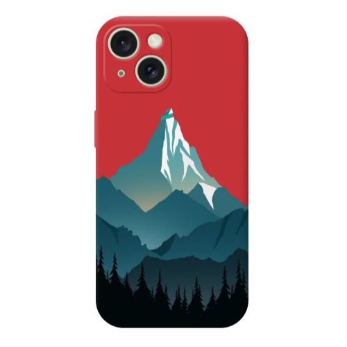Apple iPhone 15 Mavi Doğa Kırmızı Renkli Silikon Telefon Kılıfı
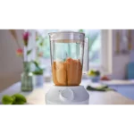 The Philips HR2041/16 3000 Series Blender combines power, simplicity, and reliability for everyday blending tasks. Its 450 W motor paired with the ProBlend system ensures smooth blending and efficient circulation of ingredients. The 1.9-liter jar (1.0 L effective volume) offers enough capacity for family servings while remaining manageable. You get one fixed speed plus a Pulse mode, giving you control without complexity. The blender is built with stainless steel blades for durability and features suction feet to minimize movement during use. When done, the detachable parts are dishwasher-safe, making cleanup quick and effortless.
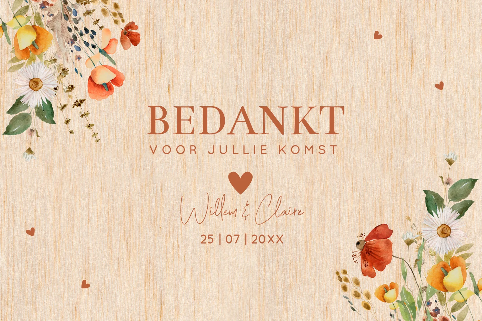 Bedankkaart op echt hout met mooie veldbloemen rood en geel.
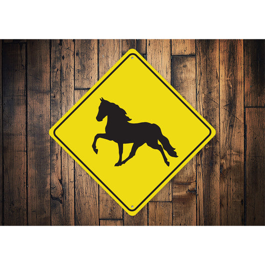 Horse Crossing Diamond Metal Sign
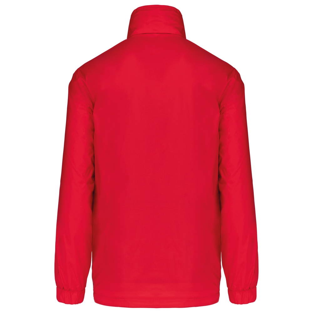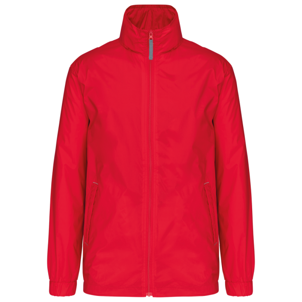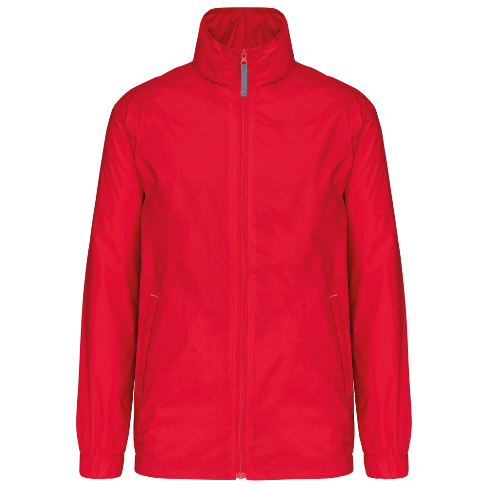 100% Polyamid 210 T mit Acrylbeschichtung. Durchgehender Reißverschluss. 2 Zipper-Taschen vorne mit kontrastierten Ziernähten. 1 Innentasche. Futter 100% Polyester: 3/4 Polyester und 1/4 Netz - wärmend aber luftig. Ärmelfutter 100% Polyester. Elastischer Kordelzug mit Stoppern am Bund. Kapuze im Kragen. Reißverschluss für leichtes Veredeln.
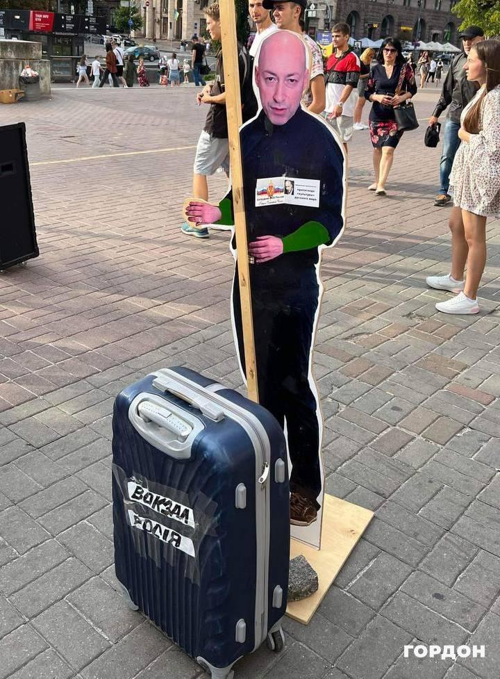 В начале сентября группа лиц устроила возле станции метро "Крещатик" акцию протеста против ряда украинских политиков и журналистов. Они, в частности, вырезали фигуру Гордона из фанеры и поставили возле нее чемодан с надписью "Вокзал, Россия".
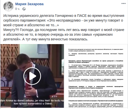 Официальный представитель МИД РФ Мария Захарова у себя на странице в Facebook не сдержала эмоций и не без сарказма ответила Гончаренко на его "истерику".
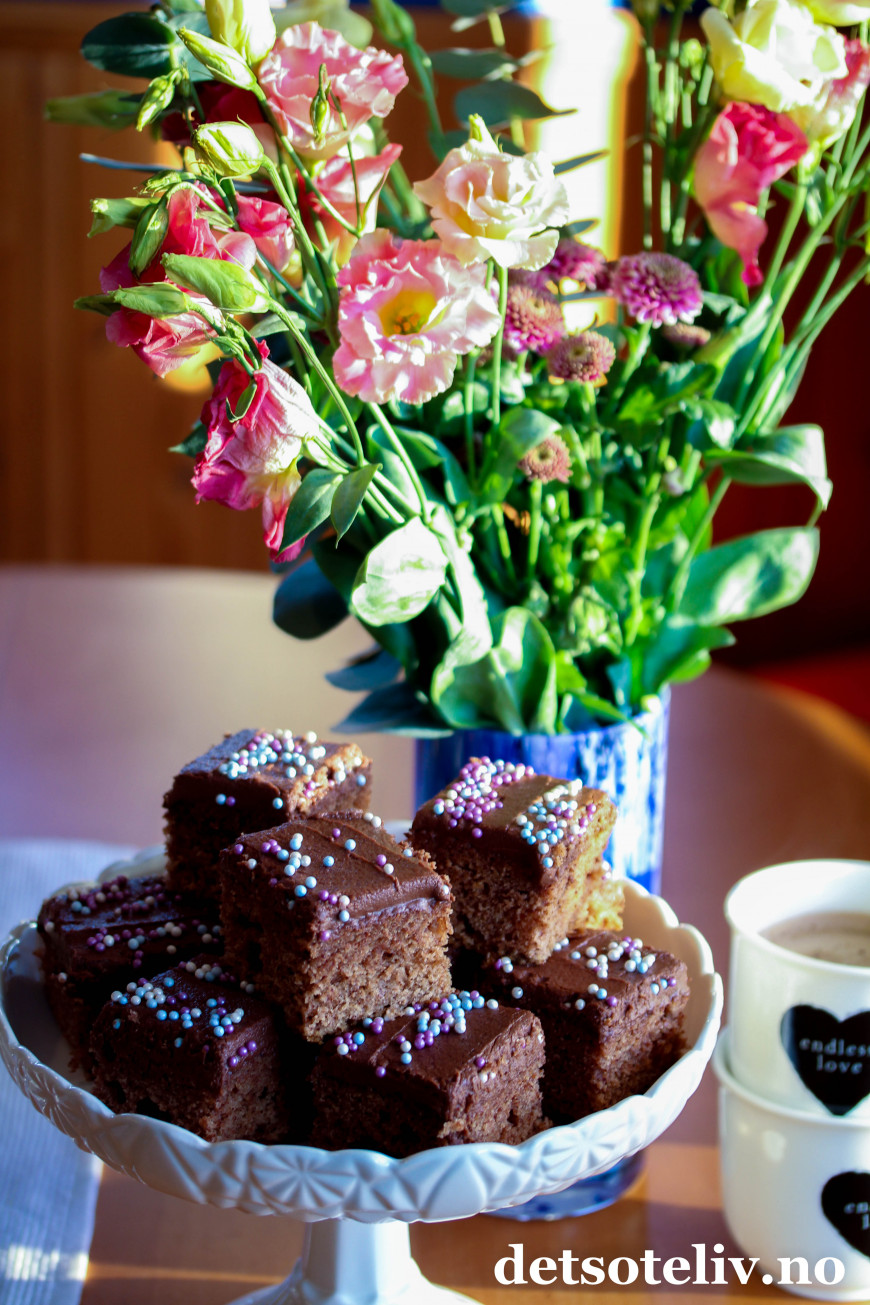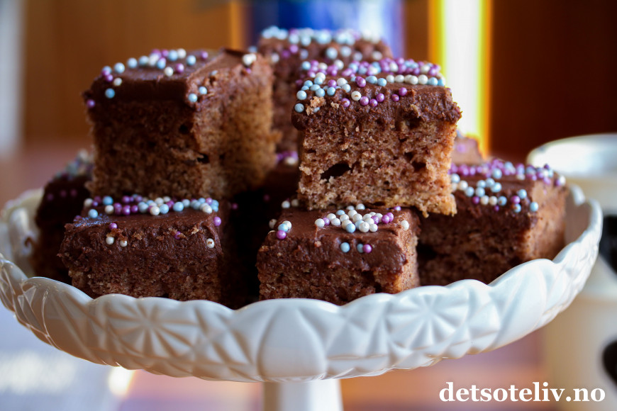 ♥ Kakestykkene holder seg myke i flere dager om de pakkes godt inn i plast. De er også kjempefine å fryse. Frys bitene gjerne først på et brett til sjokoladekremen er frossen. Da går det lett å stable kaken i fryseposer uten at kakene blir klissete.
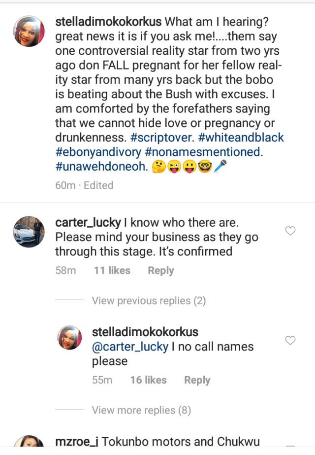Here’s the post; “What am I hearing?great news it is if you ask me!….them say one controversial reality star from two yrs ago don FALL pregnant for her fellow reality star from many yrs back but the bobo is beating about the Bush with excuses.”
☆ ☆ ☆
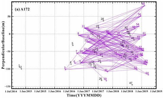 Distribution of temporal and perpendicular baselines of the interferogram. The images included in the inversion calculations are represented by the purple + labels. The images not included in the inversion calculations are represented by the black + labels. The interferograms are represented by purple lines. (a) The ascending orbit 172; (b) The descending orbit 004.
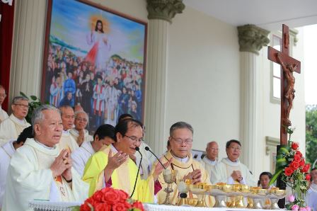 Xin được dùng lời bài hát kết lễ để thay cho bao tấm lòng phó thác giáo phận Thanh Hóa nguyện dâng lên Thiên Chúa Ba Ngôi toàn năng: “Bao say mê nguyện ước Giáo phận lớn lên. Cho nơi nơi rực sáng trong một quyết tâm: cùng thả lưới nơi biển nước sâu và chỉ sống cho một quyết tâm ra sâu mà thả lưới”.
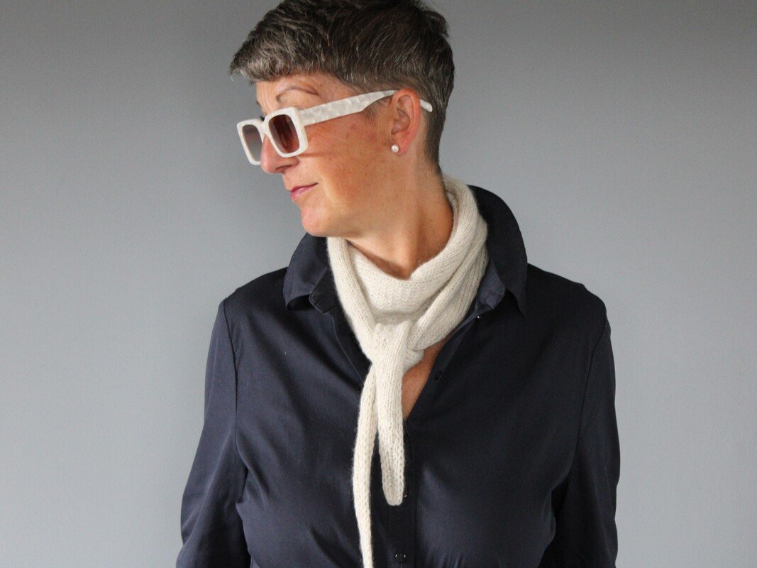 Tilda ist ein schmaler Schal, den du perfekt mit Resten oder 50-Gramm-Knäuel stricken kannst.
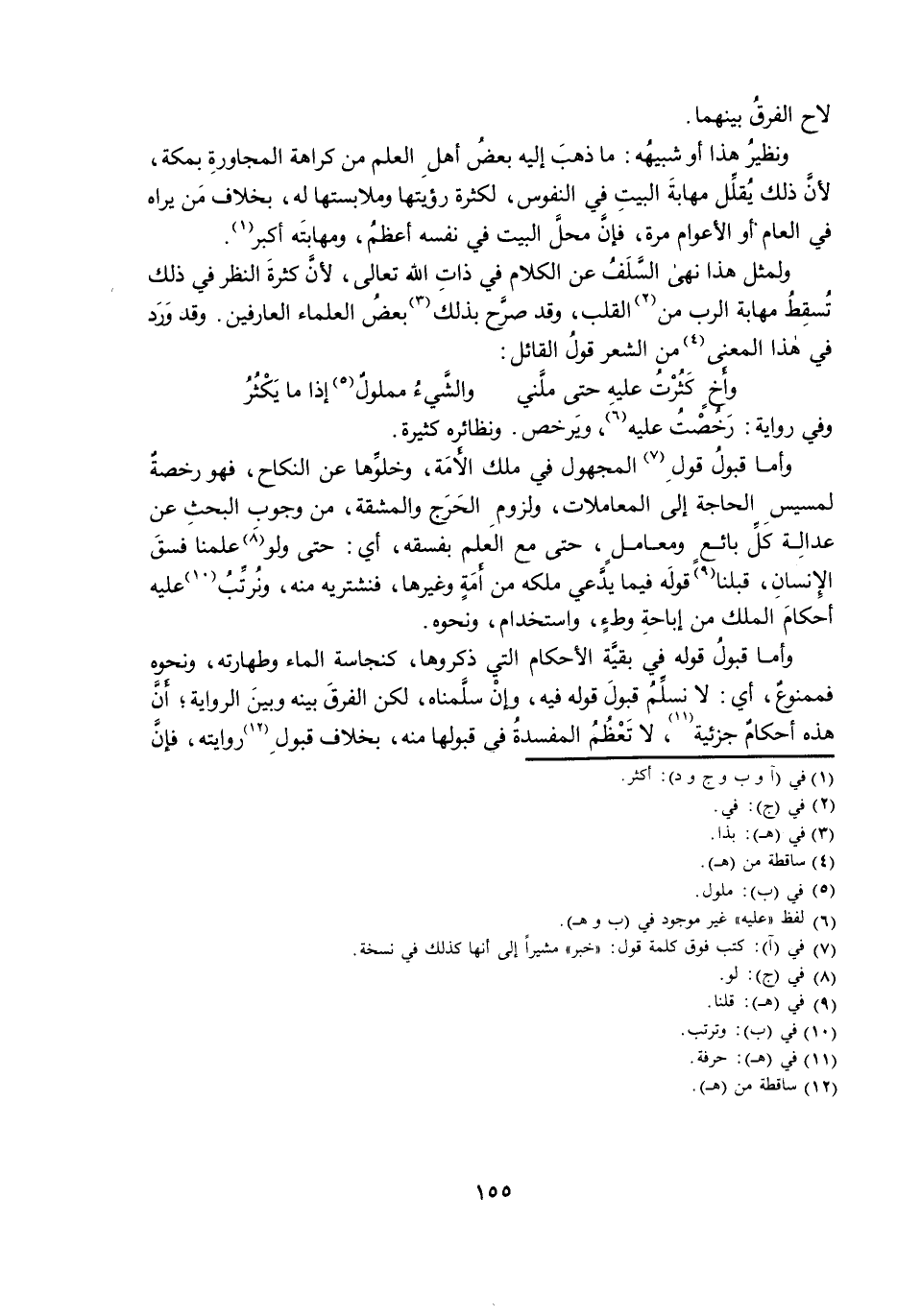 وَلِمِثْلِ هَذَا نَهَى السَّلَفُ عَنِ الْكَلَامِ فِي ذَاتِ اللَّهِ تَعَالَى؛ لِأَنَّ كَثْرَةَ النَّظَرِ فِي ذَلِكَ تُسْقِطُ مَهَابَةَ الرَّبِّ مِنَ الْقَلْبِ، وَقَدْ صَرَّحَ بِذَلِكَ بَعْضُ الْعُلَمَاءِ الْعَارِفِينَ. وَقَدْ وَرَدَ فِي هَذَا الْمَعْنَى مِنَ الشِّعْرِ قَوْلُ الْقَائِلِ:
☆ ☆ ☆
▶ WHAT THE TASK REQUIRES: Given the records above, return the lines starting at the one that holds "Horse Crossing Diamond Metal Sign" and ending at the one that holds "В начале сентября", exactly, and nothing besides; leave every picture out.

▶ OUTPUT BELOW:
 Horse Crossing Diamond Metal Sign
 100% Polyamid 210 T mit Acrylbeschichtung. Durchgehender Reißverschluss. 2 Zipper-Taschen vorne mit kontrastierten Ziernähten. 1 Innentasche. Futter 100% Polyester: 3/4 Polyester und 1/4 Netz - wärmend aber luftig. Ärmelfutter 100% Polyester. Elastischer Kordelzug mit Stoppern am Bund. Kapuze im Kragen. Reißverschluss für leichtes Veredeln.
 В начале сентября группа лиц устроила возле станции метро "Крещатик" акцию протеста против ряда украинских политиков и журналистов. Они, в частности, вырезали фигуру Гордона из фанеры и поставили возле нее чемодан с надписью "Вокзал, Россия".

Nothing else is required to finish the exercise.